45. Judicial service is not a service in the sense of an
employment as is commonly understood. Judges
are discharging their functions while exercising the
sovereign judicial power of the State. Their honesty
and integrity is expected to be beyond doubt. It
should be reflected in their overall reputation.
There is no manner of doubt that the nature of
judicial service is such that it cannot afford to suffer
continuance in service of persons of doubtful
integrity or who have lost their utility. As explained
70
by this Court in Chandra Singh and others Vs.
State of Rajasthan & another (2003) 6 SCC 545,
the power of compulsory retirement can be
exercised at any time and that the power under
Article 235 in this regard is not in any manner
circumscribed by any rule or order. What is
explained in the said decision by this Court is that
Article 235 of the Constitution of India enables the
High Court to assess the performance of any
judicial officer at any time with a view to discipline
the black sheep or weed out the deadwood, and this
constitutional power of the High Court cannot be
circumscribed by any rule or order. Moreover while
upholding the orders of compulsory retirement of
judicial officers who were working in the State of
U.P., following weighty observations have been
made by this Court in para 13 of decision in case of
Nawal Singh vs. State of U.P. and another (2003)
8 SCC 117: -
71
"13. It is to be reiterated that for keeping the
stream of justice unpolluted, repeated scrutiny of
service records of judicial officers after a specified
age/completion of specified years of service provided
under the Rules is a must by each and every High
Court as the lower judiciary is the foundation of the
judicial system.
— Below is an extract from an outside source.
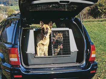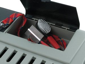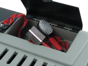 Obsahuje mřížku, kterou lze prostor rozdělit pro dva psy.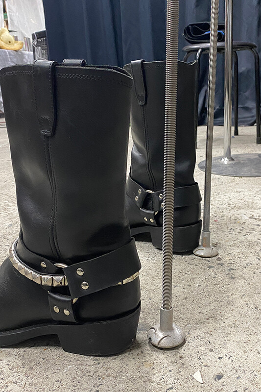 YouTubeの撮影の時のマネキンは、コンクリに穴開けて鉄の棒で支えている。普通のマネキンは自立するが、フレキシブルマネキンに重い胸像を乗せているので、結構しっかり固定しないと倒れてとんでもないことになる(実は過去に何度かあるが、スターをリスペクトしてお見せしてないだけである)。靴に穴を開けてマネキンを貫通させると見栄えもいいのだが、常設ならともかく2〜3回の撮影にしか使わないので‥‥。いずれにせよ、この地面からの棒への固定だとと後ろ姿が逆光かつ接写になるという問題がある。で、

We hope that the High Courts
would take appropriate steps regularly for weeding
out the dead wood or the persons polluting the
justice delivery system."
46. Under the circumstances this Court is of the firm
opinion that the principle laid down in Chandra
Mohan Nigam's case will not be applicable to the
facts of the appellants who were Members of the
Delhi Higher Judicial Service.
47. Even if it is assumed for the sake of argument that
the principle laid down in Chandra Mohan Nigam's
case would apply with all the vigour to the facts of
the appellants also, this Court finds that in respect
of all the three officers, after the previous
consideration in July, 2000, new material in the
form of ACR for the year 2000 "`C' integrity
doubtful" had come into existence and had become
72
a part of their respective service records when the
Full Court in its meeting held on 13.9.2001
recorded their ACRs for the year 2000. Thus the
consideration by the Committee constituted for the
purpose of evaluating the cases of the officers to
ascertain whether they should be compulsorily
retired, was subsequent in point of time, namely, on
21.09.2001 and as such it will be fully covered by
the exception spelt out in Chandra Mohan Nigam's
Case itself in regard to consideration of cases again
before the age of 55 years. The consideration of the
cases of the three judicial officers on the basis of
ACRs dated September 13, 2001 recorded by the
Full Court of the Delhi High Court is not a review of
the earlier decision of July, 2000. It is a fresh
consideration. It is review of the record of service of
the officers and not review of the earlier decision
and such review is not only permissible but is
perfectly legal and valid.
73
48. The net result of the above discussion is that this
Court does not find any substance in the first
contention raised on behalf of the appellants and
the same is hereby rejected.
49. The next contention which was raised by the
learned counsel for the appellants was that the
order passed by the Lt. Governor compulsorily
retiring the appellants from service, without seeking
aid and advice of his Council of Ministers, as
required by Article 239(AA)(4) of the Constitution is
ultra vires as well as illegal and therefore, the same
should not be sustained. Elaborating the said
point, it was argued that the order retiring the
appellants compulsorily from service was passed by
the Lt. Governor on receiving the recommendation
of the High Court of Delhi, pursuant to the
resolution of the Full Court passed on September
22, 2001 acting under and in exercise of control
over subordinate judiciary under Article 235 of the
74
Constitution, but the powers of the Lt. Governor of
N.C.T. of Delhi under Article 239(AA)(4) which are
analogous to powers of a Governor under Article
163(1) of the Constitution can be exercised only on
aid and advice of his Council of Ministers, and
therefore, the order passed by the Lt. Governor
retiring the appellants compulsorily from service are
bad in law. In support of these submissions the
learned counsel for the appellants placed reliance
on: (a) Samsher Singh Vs. State of Punjab and
Another, (1974) 2 SCC 831 = AIR 1974 SC 2192
and (b) M.M.Gupta and Others Vs. State of
Jammu & Kashmir and Others, (1982) 3 SCC
412.
50. The learned counsel for the respondent High Court
pleaded that the contention that Lt. Governor while passing
the Order of compulsory retirement ought to have been
advised by his Council of Ministers was not advanced before
the High Court and therefore was not considered by the High
75
Court and this plea should not be permitted to be raised for
the first time in the appeals arising by grant of special leave.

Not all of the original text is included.